- [Given data]
##########

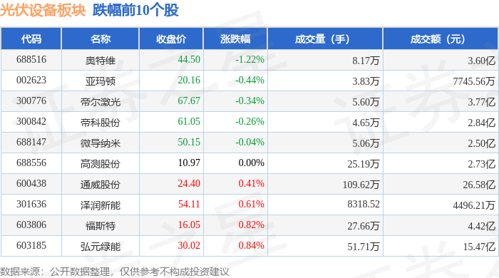 从资金流向上来看,当日光伏设备板块主力资金净流入40.2亿元,游资资金净流出16.74亿元,散户资金净流出23.45亿元。光伏设备板块个股资金流向见下表:
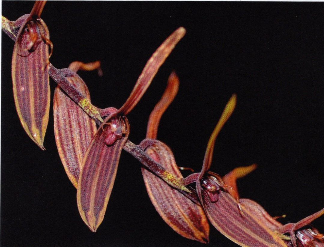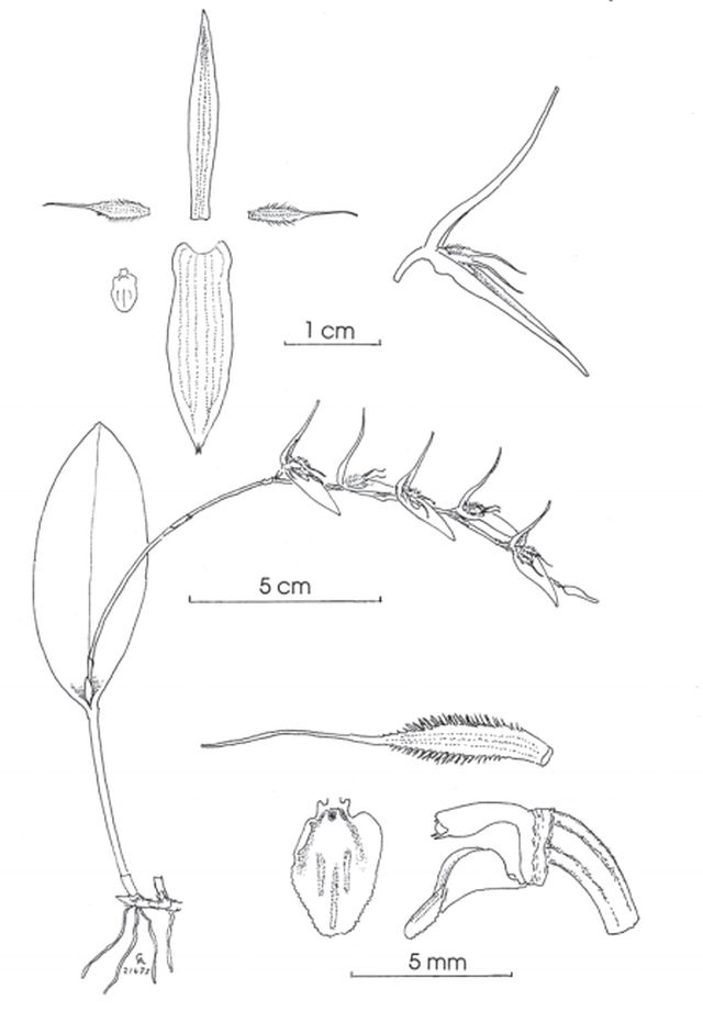 "This species, apparently from Colombia, is characterized by stout, erect ramicauls with thick, elliptical leaves, and a longer, drooping, loosely flowered raceme of purple flowers. The very narrow, two-centimeter-long dorsal sepal is directed 90 degrees from the synsepal and descending rachis. The filiform tips of the petals are as long as the fimbriate blade below, and the lip is thick and ovoid with erect, rounded margins below the middle." Luer & Sijm
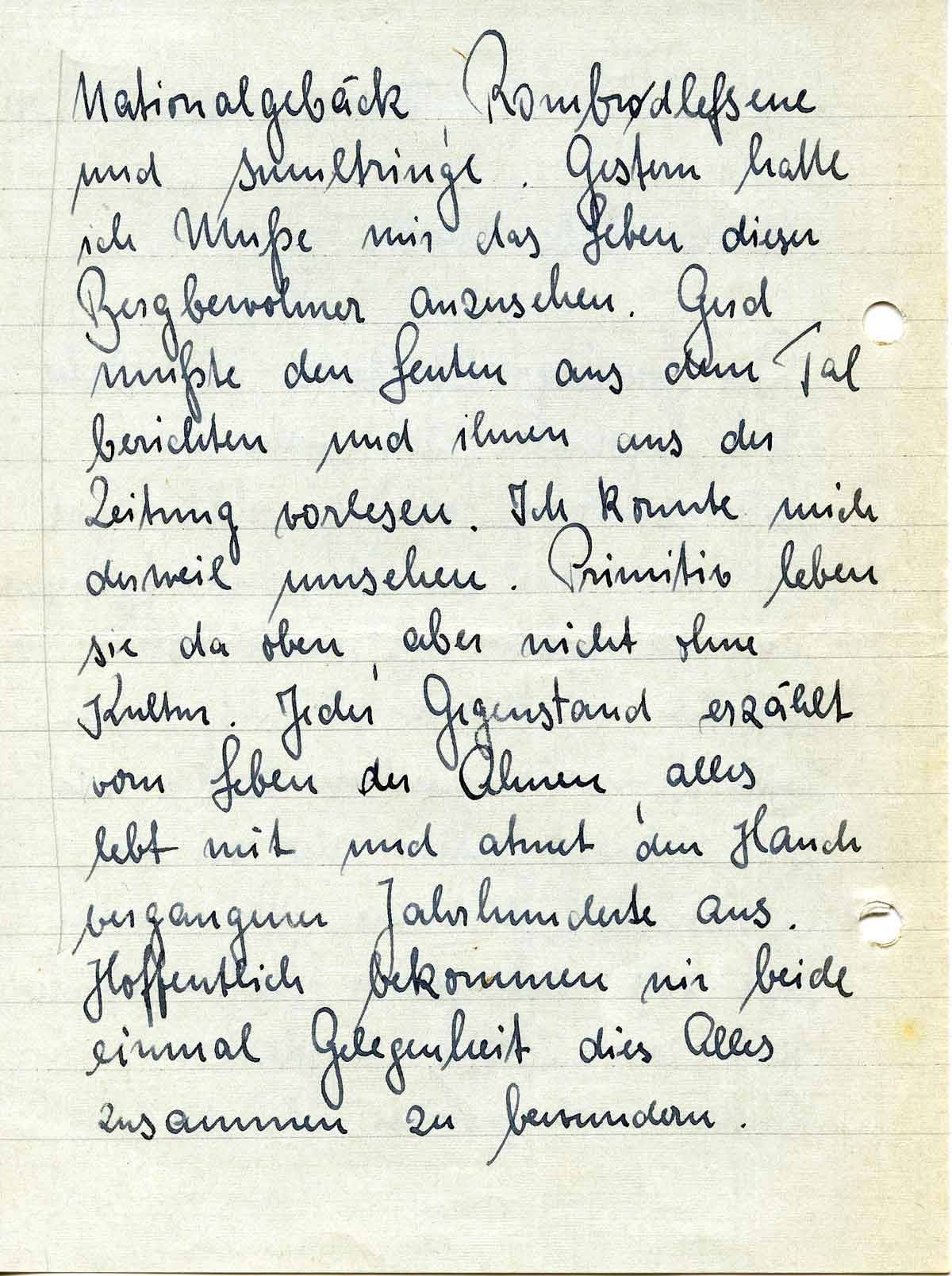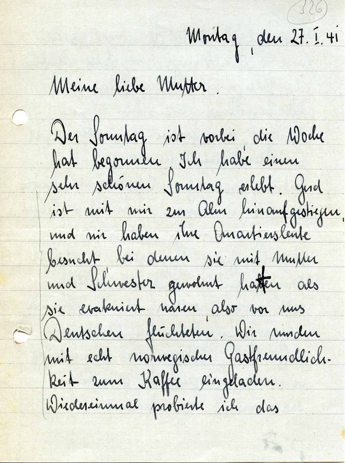 Der Sonntag ist vorbei, die Woche hat begonnen. Ich habe einen sehr schönen Sonntag erlebt. Gerd ist mit mir nur Alm hinaufgestiegen, und wir haben ihre Quartiersleute besucht, bei denen sie mit Mutter und Schwester gewohnt hat als sie evakuiert waren, also vor uns Deutschen flüchteten. Wir wurden mit echt norwegischer Gastfreundlichkeit zum Kaffee eingeladen.
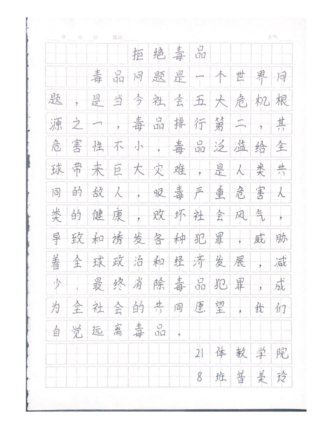 《拒绝毒品》普美玲(21体教8班)

##########

- [What to produce]
Give again the lines from the line that contains "Der Sonntag ist" through the last line of the material above, exactly and with both ends included. Omit the pictures.

- [Output of the task]
 Der Sonntag ist vorbei, die Woche hat begonnen. Ich habe einen sehr schönen Sonntag erlebt. Gerd ist mit mir nur Alm hinaufgestiegen, und wir haben ihre Quartiersleute besucht, bei denen sie mit Mutter und Schwester gewohnt hat als sie evakuiert waren, also vor uns Deutschen flüchteten. Wir wurden mit echt norwegischer Gastfreundlichkeit zum Kaffee eingeladen.
 《拒绝毒品》普美玲(21体教8班)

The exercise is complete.